**Supplied material**
*** Block opens ***

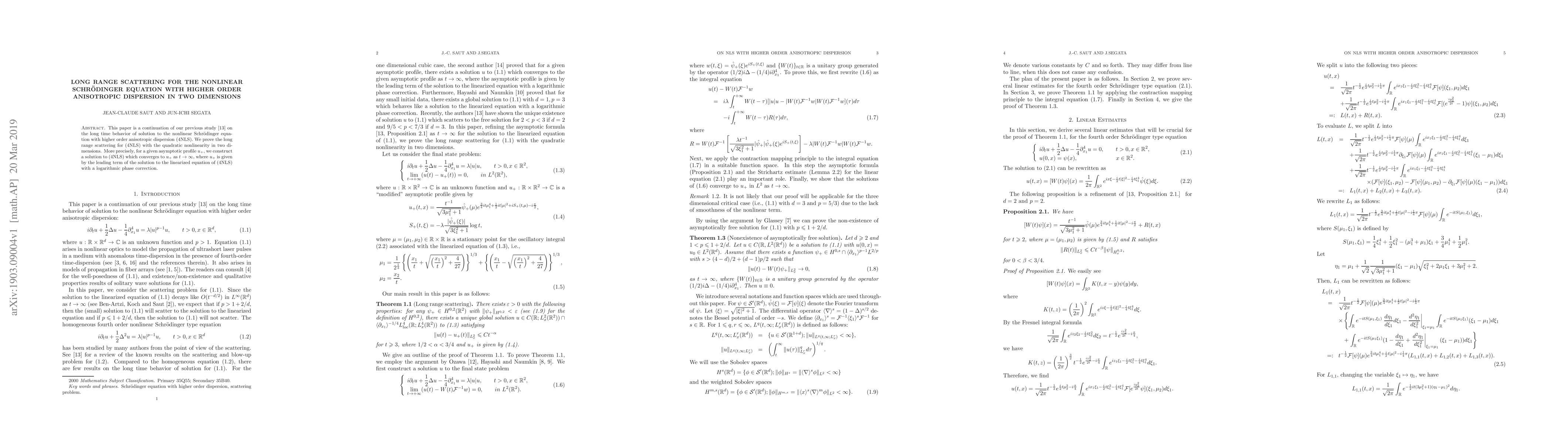 This paper proves long range scattering for the nonlinear Schrödinger equation with higher order anisotropic dispersion in two dimensions, constructing a solution that converges to a given asymptotic profile with a logarithmic phase correction. The study extends the authors' previous work on the long-time behavior of solutions to this equation.
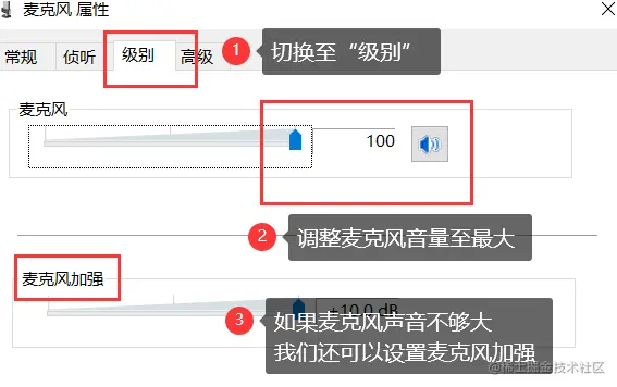 步骤3: 在弹出的【麦克风属性】窗口,切换到【级别】界面,调整下面麦克风的音量,把声音拉到最大。如果声音还是不够大,我们可以在下面设置麦克风加强;
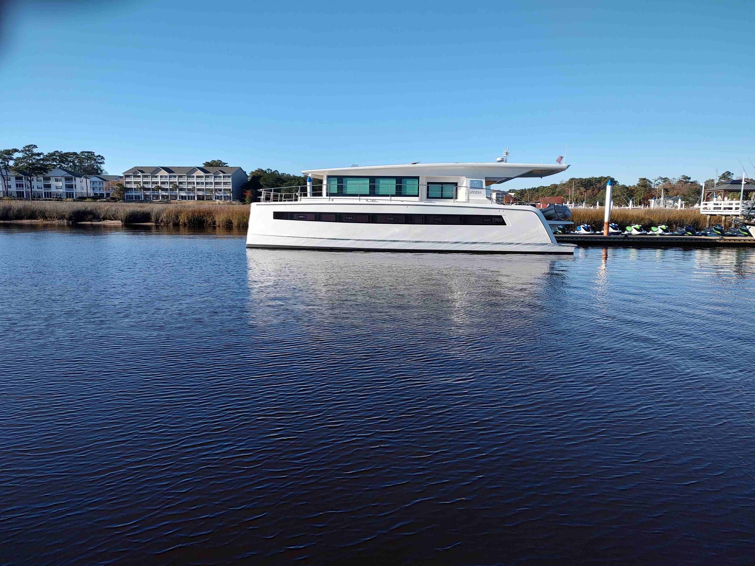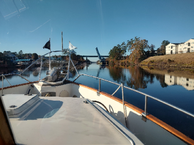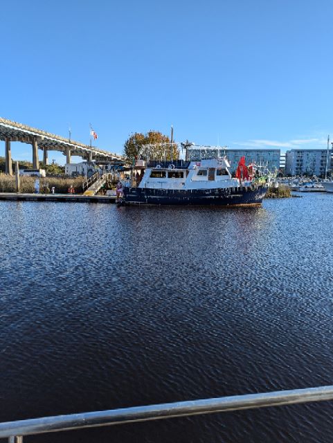 We slept in today — up at 7 AM and underway an hour later. It was 31 degrees on deck but we got the electric cable and lines onboard and were off to Myrtle Beach. It was a 72 statue mile trip through the lower portion of the Cape Fear River, then two known shallow sections of the ICW that have taken some paint off the hulls of many boats (Lockwood’s Folley and Shallotte Inlet in NC). Our schedule indicated going through these two areas at near low tide. What fun! We made it through — and I wish I could show in photos what it’s like twisting and turning through a shallow inlet from the ocean as the sands beneath the water keep changing. A fun event. After these events we passed through “the Rock Pile,” a section of the ICW that surprised the government developing the ICW. This was an approximate five- mile section of the ICW that was solid rock. The digging caused added cost and time so it has less width than the rest of the ICW and on the shoreline heavy rocks can catch a less than watchful Captain navigating this section. As we closed in on Myrtle Beach we noticed preparations for an ICW Christmas Lighted Boat Parade in North Myrtle Beach. Over 50 boats participated. We moored past the parade route so we only saw a couple of boats preparing and one coming past after the parade. We ate aboard and tried to clean the boat with no water on the docks. But, this morning, we were delighted to find the star of the parade, the Barefoot Queen paddle boat, moored behind us. Wonderfully decorated! Moving on, we’re headed to Georgetown, one of our favorite spots and where we’ve spent Christmas aboard in the past. Below are some pictures from today.
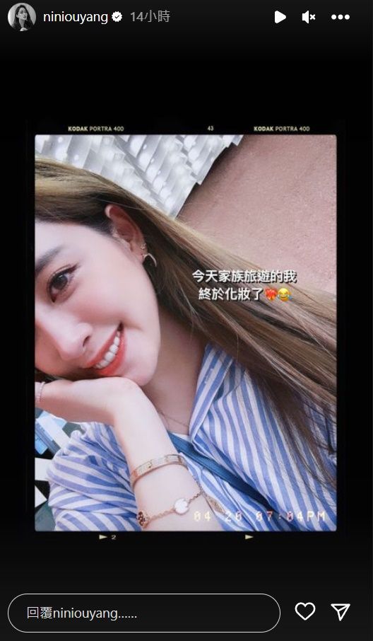 ▼近日歐陽家族一同出去旅遊,歐陽妮妮從4月30日開始陸續透過IG限時動態發文分享行程:「今天家族旅遊的我,終於化妝了。」她還開心曬出與娜娜、娣娣的合照,並說:「難得的一起出遊,難得的三姐妹合照!」
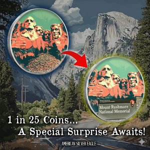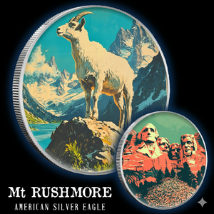 Introducing the exclusive 2024 Silver Eagle Mount Rushmore 1oz .999 Silver Coin! Adorned with a colorful Mount Rushmore photo on the eagle and a majestic mountain goat on the reverse. Only 250 pieces available! 25 lucky winners will receive the upgraded art featuring the national park sign. Don't miss out on this mystery opportunity!
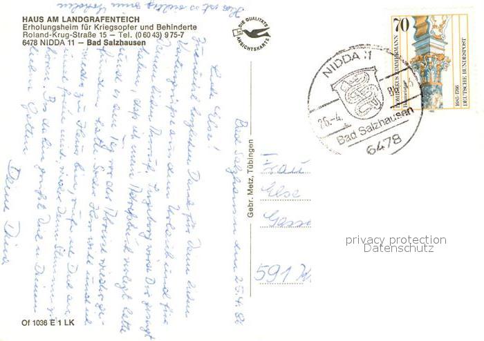 73090195 alte Postkarte Bad Salzhausen Haus am Landgrafenteich Fliegeraufnahme postalisch gelaufen Erhaltung siehe scans [PaolaD17] KatCode: 11110006440016
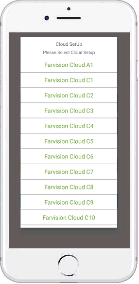 Step2: Press ‘Cloud SetUp’ if your Farvision application runs on Farvision Cloud server. Please contact your administrator to know your cloud server name. Choose your cloud server from “Cloud SetUp” option.

*** Block closes ***

**What you are asked to do**
All of the material must be given again exactly, though no picture may appear in the copy.

**Problem solution**
 This paper proves long range scattering for the nonlinear Schrödinger equation with higher order anisotropic dispersion in two dimensions, constructing a solution that converges to a given asymptotic profile with a logarithmic phase correction. The study extends the authors' previous work on the long-time behavior of solutions to this equation.
 步骤3: 在弹出的【麦克风属性】窗口,切换到【级别】界面,调整下面麦克风的音量,把声音拉到最大。如果声音还是不够大,我们可以在下面设置麦克风加强;
 We slept in today — up at 7 AM and underway an hour later. It was 31 degrees on deck but we got the electric cable and lines onboard and were off to Myrtle Beach. It was a 72 statue mile trip through the lower portion of the Cape Fear River, then two known shallow sections of the ICW that have taken some paint off the hulls of many boats (Lockwood’s Folley and Shallotte Inlet in NC). Our schedule indicated going through these two areas at near low tide. What fun! We made it through — and I wish I could show in photos what it’s like twisting and turning through a shallow inlet from the ocean as the sands beneath the water keep changing. A fun event. After these events we passed through “the Rock Pile,” a section of the ICW that surprised the government developing the ICW. This was an approximate five- mile section of the ICW that was solid rock. The digging caused added cost and time so it has less width than the rest of the ICW and on the shoreline heavy rocks can catch a less than watchful Captain navigating this section. As we closed in on Myrtle Beach we noticed preparations for an ICW Christmas Lighted Boat Parade in North Myrtle Beach. Over 50 boats participated. We moored past the parade route so we only saw a couple of boats preparing and one coming past after the parade. We ate aboard and tried to clean the boat with no water on the docks. But, this morning, we were delighted to find the star of the parade, the Barefoot Queen paddle boat, moored behind us. Wonderfully decorated! Moving on, we’re headed to Georgetown, one of our favorite spots and where we’ve spent Christmas aboard in the past. Below are some pictures from today.
 ▼近日歐陽家族一同出去旅遊,歐陽妮妮從4月30日開始陸續透過IG限時動態發文分享行程:「今天家族旅遊的我,終於化妝了。」她還開心曬出與娜娜、娣娣的合照,並說:「難得的一起出遊,難得的三姐妹合照!」
 Introducing the exclusive 2024 Silver Eagle Mount Rushmore 1oz .999 Silver Coin! Adorned with a colorful Mount Rushmore photo on the eagle and a majestic mountain goat on the reverse. Only 250 pieces available! 25 lucky winners will receive the upgraded art featuring the national park sign. Don't miss out on this mystery opportunity!
 73090195 alte Postkarte Bad Salzhausen Haus am Landgrafenteich Fliegeraufnahme postalisch gelaufen Erhaltung siehe scans [PaolaD17] KatCode: 11110006440016
 Step2: Press ‘Cloud SetUp’ if your Farvision application runs on Farvision Cloud server. Please contact your administrator to know your cloud server name. Choose your cloud server from “Cloud SetUp” option.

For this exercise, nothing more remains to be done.